• Data segment
*** Begin section ***
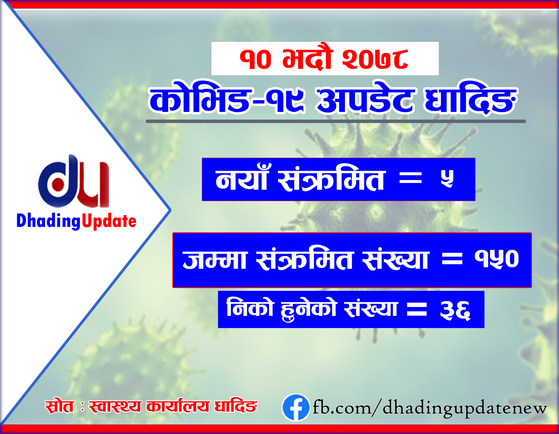 धादिङका ५ जनामा विहिबार कोरोना भाइरस संक्रमण पुष्टि भएको छ ।
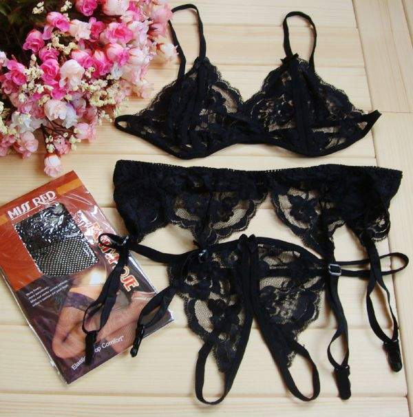 Комплектация: бюстгальтер, трусики, пояс для чулок, чулки
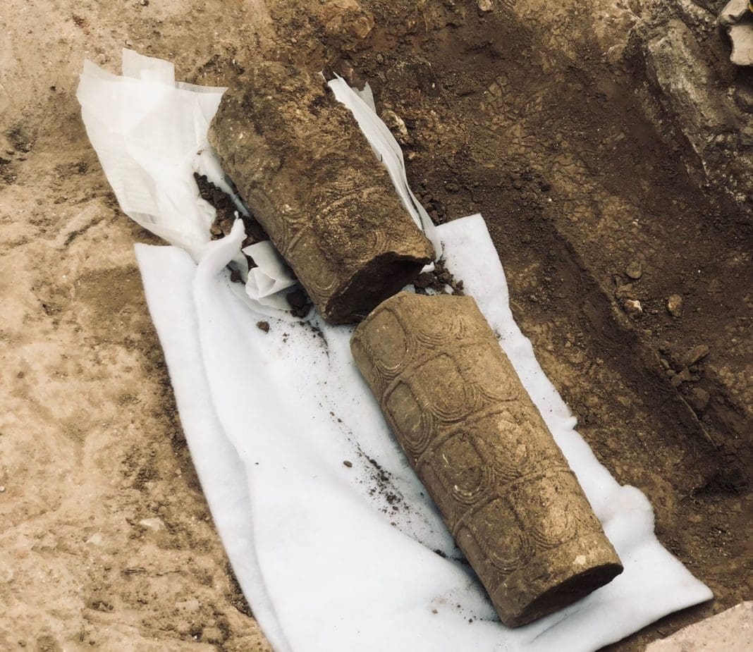 Si hace un par de semanas se documentó la existencia de parte de un mosaico con decoración vegetal y de color bícromo (blanco y negro), datado entre los siglos III y principios del IV después de Cristo, a falta de confirmar el estudio de los restos arqueológicos, ahora sorprende la aparición de parte de una columna que está partida en dos partes, de 1,40 m de altura y unos 30 cm de diámetro en total y del que destaca una decoración arquitectónica, basada en una seriación de columnas y arcos de medio punto.
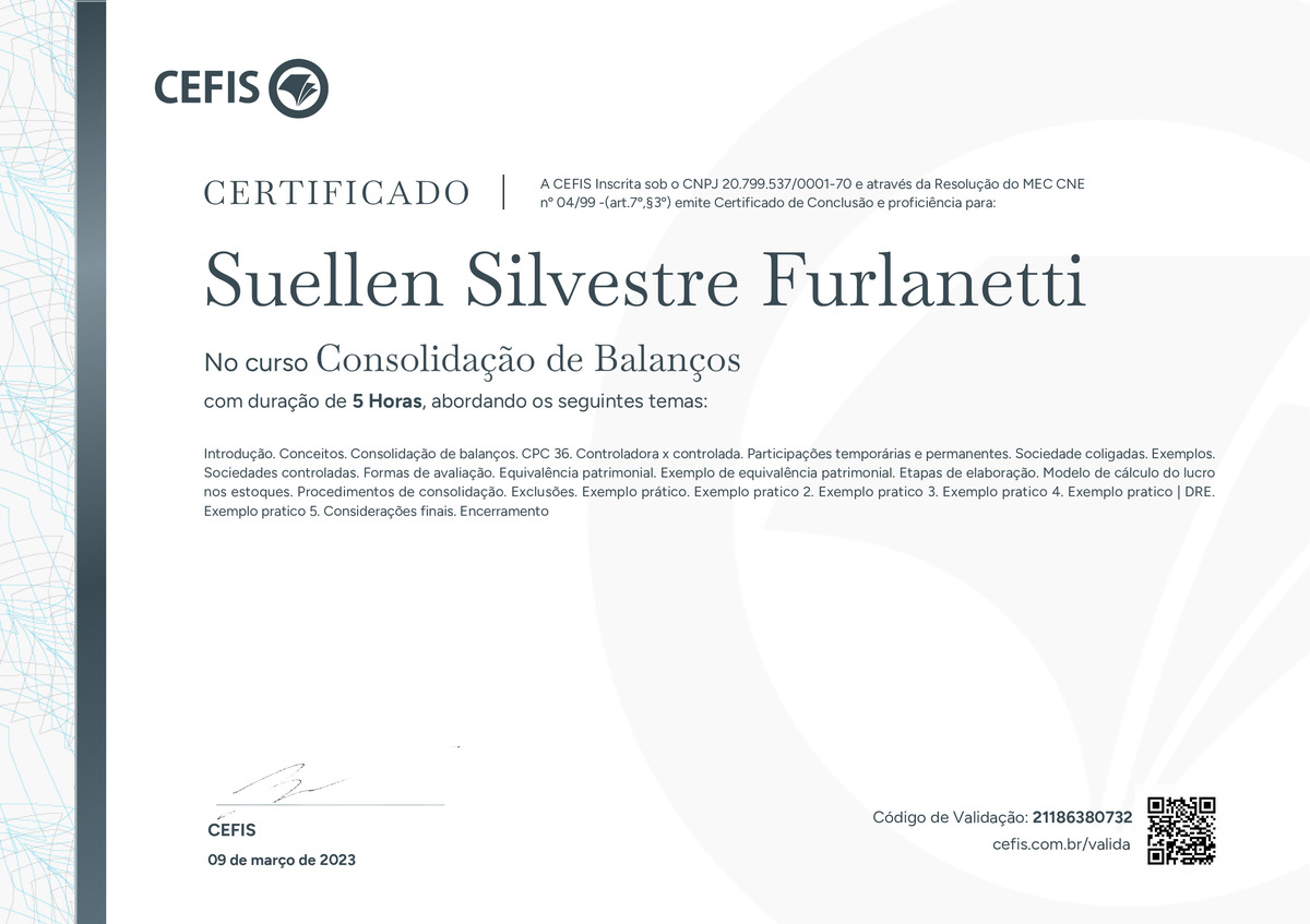 O certificado acima atesta que SUELLEN SILVESTRE FURLANETTI concluiu com êxito o curso Consolidação de Balanços em 09/03/2023 às 08:03:17,
*** End section ***
• Your goal
Restate the entire listing word for word, excluding pictures.

• Answer space
 धादिङका ५ जनामा विहिबार कोरोना भाइरस संक्रमण पुष्टि भएको छ ।
 Комплектация: бюстгальтер, трусики, пояс для чулок, чулки
 Si hace un par de semanas se documentó la existencia de parte de un mosaico con decoración vegetal y de color bícromo (blanco y negro), datado entre los siglos III y principios del IV después de Cristo, a falta de confirmar el estudio de los restos arqueológicos, ahora sorprende la aparición de parte de una columna que está partida en dos partes, de 1,40 m de altura y unos 30 cm de diámetro en total y del que destaca una decoración arquitectónica, basada en una seriación de columnas y arcos de medio punto.
 O certificado acima atesta que SUELLEN SILVESTRE FURLANETTI concluiu com êxito o curso Consolidação de Balanços em 09/03/2023 às 08:03:17,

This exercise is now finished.